BKB27 · 08/09/2020 14:51

can completely relate to all the comments on here. Been ttc for 4 years and had 2 miscarriages and a failed ivf cycle. In the time I've been trying ive had 4 colleagues, 3 cousins and a sister in law fall pregnant and have their beautiful babies. Its so hard not to feel jealous and angry and upset. "Why me" keeps going through my mind. Reading these comments make me feel a little less alone and a little less guilty for feeling the way I do. Its such an isolating experience where you feel you cant even grieve out loud because of silly things people will say to you. I think we are all entitled to feel the way we do and shouldn't beat ourselves up about it. We are all here for support and hopefully airing it out here will relieve some pressure or at least help you feel that you're not alone. We got each others back!
Saying no is so important. Lockdown has helped me avoid baby showers and first birthdays thankfully, only good thing about it!

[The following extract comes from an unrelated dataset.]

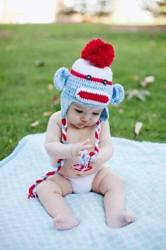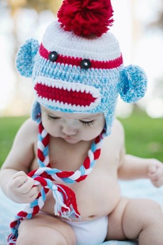 -. Title : Handmade Crochet Baby red and blue sock monkey Hat 3-12 months

Isitme2020 · 08/09/2020 18:28

@BKB27 I'm so sorry to hear what you've been through. Thank you for your kind words. TBH this is something I've been keeping super private, I just don't want anyone to feel sorry for me or that my life isn't as good because I can't have kids. I just don't feel anyone outside can truly understand what they would do, how they'd feel or can really give advice unless they've been in the situation. The 'Why me' happens to me too! But then I just feel really guilty for those who are dealing with serious illnesses, as I'm healthy otherwise! It's a no win rabbit hole of emotions!! I should say no to things, but then I think... "stuff you, I'm coming just to show you my life is great without kids"!!! It's just ridiculous the mind frames I get myself into! I do however, already feel a bit better by venting it here, so thank you :) will you be moving forward with further IVF?

BKB27 · 08/09/2020 18:39

Rabbit hole of emotions is a good way to put it! I've kept mine as private as possible but my miscarriages were a little too public for my liking. Its bonkers because it comes from a place of shame/taboo which means you cant grieve as you would like not only for losses but for the journey we are on and the valid feelings we go through in the month - the worry but hope when ttc, the anxiousness when waiting.
You do right going out to things to show your life is fab because it is but you're allowed to feel as sad as you like. Knowing you're not alone in this helps you to see. I deleted my Instagram because I had to get away from annoucements, gotta do whats right for you.
Starting cycle 2 hopefully end of this month. Its a frozen cycle which takes longer. Time is not my friend or thats how I feel anyway!